Se sentó en la mesita acostumbrada. Poca luz y tan sólo una silla. Sacó el diario que minutos antes había comprado y, señalando con su mano a la camarera, se dispuso a ordenar el irlandés de cada tarde. En estos momentos el diario era nada más que papel roñoso que pasaba frente a sus ojos sin sentido alguno. Un vómito de letras que no entendía ni pretendía comprender.
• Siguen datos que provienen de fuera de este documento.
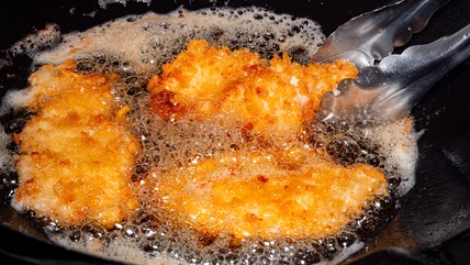 When frying chicken, you run the risk of affecting the flavor if the oil burns. There can also be health concerns, Alba warns. "Burnt oil can produce a compound known as acrolein that is unhealthy in high quantities, leaving your chicken with a chemical taste," he says. With all this in mind, it may be better to stick to the refined options.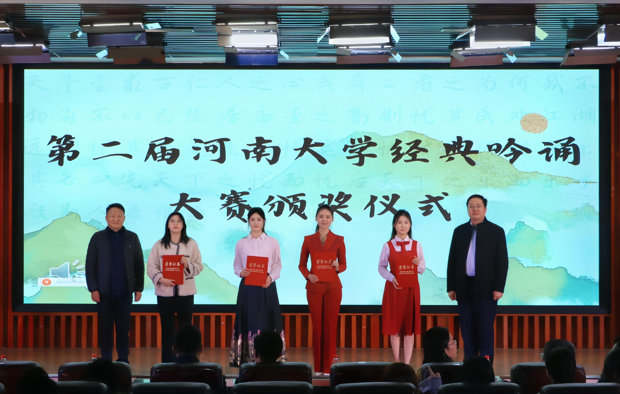 为深入学习贯彻习近平文化思想,传承发扬中华优秀传统文化,展现新时代青年精神风貌,11月23日下午,由河南大学党委宣传部、河南大学党委学生工作部、河南大学党委研究生工作部主办,河南大学哲学与公共管理学院、河南大学洛学与宋学研究中心共同承办的第二届河南大学经典吟诵大赛现场展演暨颁奖仪式在生命科学学院三楼报告厅举行。校团委书记龚森、党委宣传部副部长陈旭、党委学生工作部副部长李平、党委研究生工作部副部长吴坤、我院党委书记党鸿军、副院长田丰韶,洛学与宋学研究中心赵清文、冯鹏参加了活动。

Por lo mismo cuando ya había dado vuelta la quinta página lo cerró y se lo ofreció a un anciano que disfrutaba un cortado en la mesita adyacente, y que aceptó agradecido.
Esperó que le sirvieran su café, lo sorbió en tres grandes tragos y dejó el dinero en la mesa. Se dirigió al baño, mojó su cara y salió rumbo a su casa.
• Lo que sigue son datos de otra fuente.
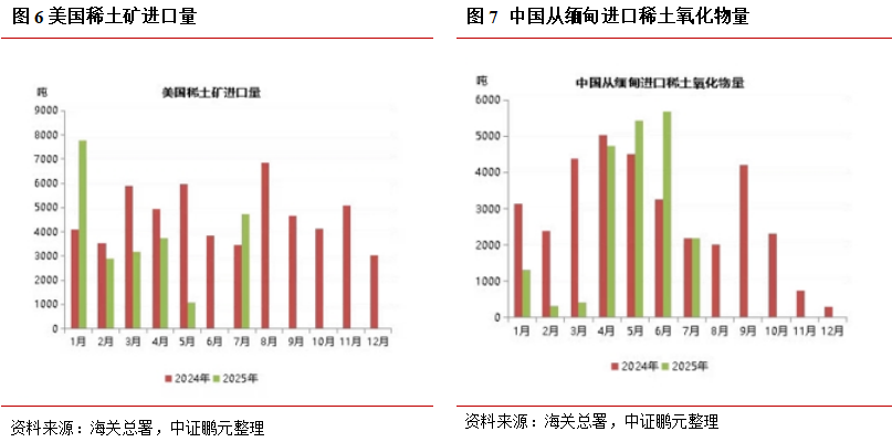 进口原料供给收缩,稀土磁材价格趋涨。我国在稀土冶炼分离环节具有巨大优势,而国外稀土产业链大多缺失该环节,这使得境外开采的稀土矿也需要在我国境内进行冶炼分离。缅甸与美国是中国最主要的稀土进口贸易伙伴,2023年进口量占比分别达41.7%和38.59%,马来西亚、老挝、越南分别占11.14%、6.55%、1.88%。2024年整体进口量出现了下降趋势,缅甸重稀土进口减少2.77 万吨,美国轻稀土进口减少1.12万 吨;2025年1-7月,缅甸进口的稀土原料中(稀土氧化物和稀土化合物),REO总含量同比下降约23.6%,美国进口稀土金属矿23380.5吨,同比减少26.3%。缅甸因政局动荡、边境关闭和地震等因素,导致我国自缅甸的稀土进口量急剧下降,目前尽管边境恢复通关,但由于矿商与地方政府之间的利益博弈,稀土供应仍未完全恢复正常;美国进口减少主因美国推进稀土产业链本土化战略,自建分离冶炼产能,他们的稀土金属矿或逐步供应给当地的稀土冶炼厂商,预计未来进口美国稀土矿持续减少。全球稀土矿供应的不确定性也导致市场紧张,助涨稀土磁材价格。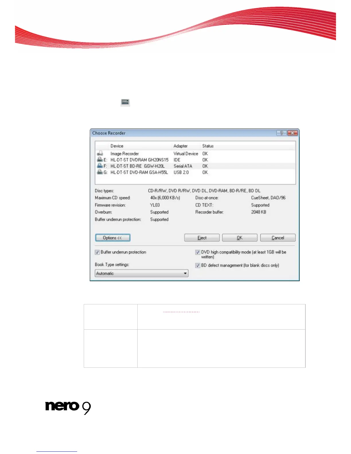 In the Choose Recorder window you can select a recorder for burning. You can open the

El frío aún lo sentía recalar por todo su cuerpo, así que se incorporó y apresuró el paso para llegar cuanto antes a su hogar.
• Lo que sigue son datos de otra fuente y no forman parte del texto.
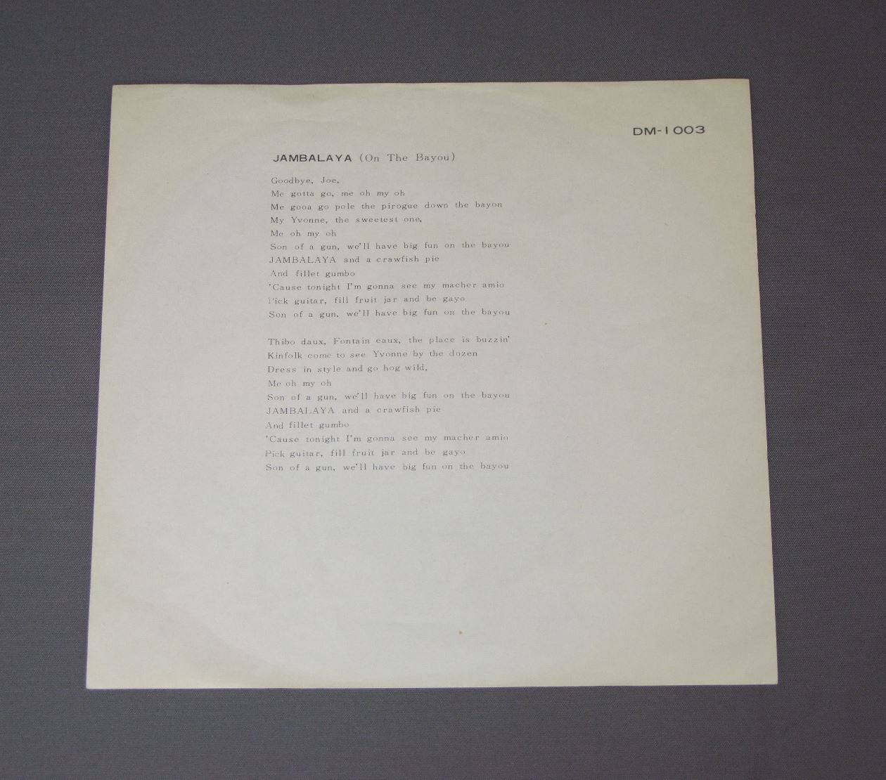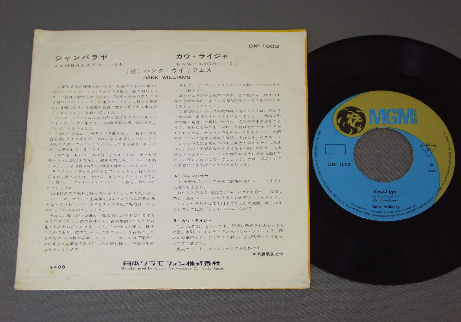 HANK WILLIAMSハンク・ウイリアムス/JAMBALAYAジャンバラヤ DM1003 製造国:日本盤 / Media:7inch外観:VG+盤の状態:EX- 価格(税込):¥524(売約済) 送料 7inch:定形外郵便 360円~LP:定形外郵便 660円~送料は、注文の最終画面で確認頂けます。 > > HANK WILLIAMS/JAMBALAYA 外観 (VG+)特記事項:背や上下ヘリスレ有り。上ヘリ付近は日焼け退色有り。裏ジャケにシミ。外観VG+の共通説明:ダメージやや有り。シミ、ヨゴレ、スレなど多少~やや多め。 盤の状態 (EX-)特記事項:薄いスリキズ・細かい表面スレ多少ある感じ。殆どが軽微なものの様子です。盤EX-の共通説明:盤面のスリキズが多少有り。音に出そうなものは殆ど無いように見える~さほど気にならないぐらいの軽いプチ数カ所程度。 Tweet それぞれの画像をクリックすると、大きい写真が見られます こちらの商品もお勧めです 770円 NITTY GRITTY DIRT BANDニッティー・グリッティー・ダート・バンド / UNCLE CHARLIE & HIS DOG TEDDYアンクル・チャーリーと愛犬テディー 770円 NITTY GRITTY DIRT BANDニッティー・グリッティー・ダート・バンド / STARS&STRIPES FOREVER星条旗よ永遠なれ! 990円 PETER PAUL & MARYピーター・ポール&マリー / IN CONCERT 770円 BROTHERS FOURブラザース・フォア / HONEY WIND BLOWSビッグ・フォーク・ヒッツ 第3集 990円 KITTY WELLSキティ・ウェルズ / DUST ON THE BIBLEダスト・オン・ザ・バイブル 660円 JOAN BAEZジョーン・バエズ / JOAN自由の女神 1,320円 JOAN BAEZジョーン・バエズ / GULF WINDSガルフ・ウィンズ 990円 BANJO BARONSバンジョー・バロンズ / IT`S A FOLK FOLK FOLK FOLK WORLDバンジョー. フォーク・ソングの世界 ペラジャケ

Ya una vez en su departamento, se sentó en su sillón de cuero negro y estuvo por largo rato pensando en su mujer con sus ojos fijamente puestos en las fotos del matrimonio. La muerte había hecho su parte sin ningún tipo de aviso, ya que no había sido una enfermedad Terminal la que los había separado para siempre, sino un cruel y fortuito accidente automovilístico, tan imprevisible como maldito.
El reloj de pared anunciaba las nueve de la noche. Manuel se levantó de su sillón y, tomando su maletín, se dirigió a su habitación. El cansancio lo dejó caer en la cama casi sin oponer resistencia, mientras el portafolio cayó a unos pasos de él. Por segunda vez en el día ese papel completamente en blanco se asomaba con timidez por los bordes de una carpeta. Pero Manuel no se percató de este hecho hasta minutos más tarde cuando las ganas de orinar lo obligaron a levantarse de su aturdimiento momentáneo. Ni él sabía por qué le llamaba tanto la atención un simple papel en blanco entre tanto documento importante. Sin embargo, esta vez no vaciló y lo recogió del suelo. Tomó un lápiz grafito e impulsivamente comenzó a escribir lo poco y nada que había hecho aquel día. Escribió con sumo detalle cada uno de sus actos, pensamientos, reflexiones, recuerdos. En fin, todo lo que pasó por su mente aquel día. Ya una vez que terminó de escribir, tomó cinta adhesiva y pegó el papel en la muralla de su habitación, y sin cuestionarse mayormente aquel impulso, se durmió.


III

Al día siguiente se despertó y como todos los días repitió cada paso de su rutina laboral. Entró a la ducha, se vistió, desayunó unas tostadas con jamón y un café y partió rumbo a su oficina.
Su humor comenzaba poco a poco a mejorar, y las relaciones con sus colegas de trabajo empezaban a reactivarse. Todos en la oficina entendían perfectamente el dolor que Manuel portaba, y por lo mismo intentaban lidiar con sus constantes cambios de carácter. Para ellos era la única forma que tenían de ayudarlo dentro de lo posible e intentando no tratarlo como si estuviese enfermo. Él por su parte era conciente de sus permanentes cambios en sus estados de ánimo, sin embargo, se había propuesto expresamente comenzar a pensar menos en su difunta mujer y concentrarse más en su trabajo y en sus relaciones con sus amigos y compañeros.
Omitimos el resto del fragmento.